2400 barquettes individuelles par jour

“Une journée scolaire représente 3000 repas conditionnés en 2600 barquettes. En ce moment, nous tournons entre 600 à 650 repas par jour, mais tout doit être en emballage individuel, ce qui représente quasiment le même nombre de barquettes, 2400 par jour. En terme de logistique, cela équivaut au même volume de travail, presque davantage car notre conditionnement est devenu plus complexe. On va gagner par exemple du temps sur la finition à la main de l’épluchage des carottes ou pommes de terre, mais après cuisson la procédure est alourdie par les manipulations qui ont augmenté. Ce qui dicte notre rythme, c’est le temps de sellage de la barquette… et on ne peut pas aller plus vite que les machines.” Côté effectifs, l’équipement tourne avec 6 personnes en moins, considérées comme à risque et donc confinées. “Chaque jour, 16 agents sur les 20 sont présents pour assurer le fonctionnement avec un roulement de 4 personnes tous les 2 jours.”

Une grande adaptabilité

La cuisine centrale continue ainsi de fournir le service de portage de repas à domicile.
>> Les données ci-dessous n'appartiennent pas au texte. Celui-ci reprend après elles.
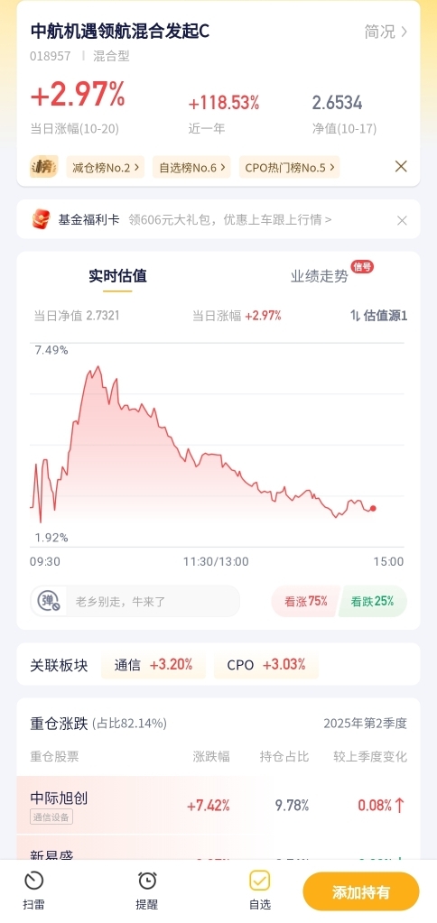 中航机遇领航混合发起C今日预估涨幅2.97%!

Celui-ci a d’ailleurs vu le nombre de bénéficiaires augmenté de 20% avec le confinement (consultez notre article Le CCAS assure le portage de repas en mode sans contact). La cuisine centrale assure aussi les repas des deux crèches, La Clé des chants et Les Poynes, maintenues ouvertes pour accueillir les enfants du personnel soignant hospitalier, et l’école Saint-Germain qui accueillent les plus grands à partir de 3 ans: “cela représente une quinzaine de repas pour enfants et encadrants”.

Le confinement a fait aussi apparaître de nouveaux “clients” dans le giron de la structure municipale: “Nous fournissons les quatre résidences autonomie de la Ville qui disposent de leur propre cuisine mais qui n’ont pas la possibilité de conditionner les repas en individuel. Nous dépannons aussi en ce moment la police municipale qui est fortement sollicitée en lui livrant une vingtaine de repas par jour. Pour la mairie, le fait d’avoir une cuisine centrale autogérée par du personnel municipal permet une grande adaptabilité, ce qui n’est pas le cas dans les communes qui font appel à des prestataires extérieurs.”

La grande inconnue avec le retour des écoliers

Cette adaptabilité sera donc un atout au moment de la réouverture des écoles enclenchée pour le 12 mai prochain. “La difficulté est de connaître le nombre d’élèves qui seront présents, nous n’avons pas de référence. On table sur 30 à 40% des effectifs habituels, mais il y a encore beaucoup trop de paramètres en jeu. En fait, c’est la grande inconnue et on se prépare 2 jours difficiles.” Après le déconfinement, la cuisine centrale va également continuer de fournir une semaine supplémentaire les résidences autonomie.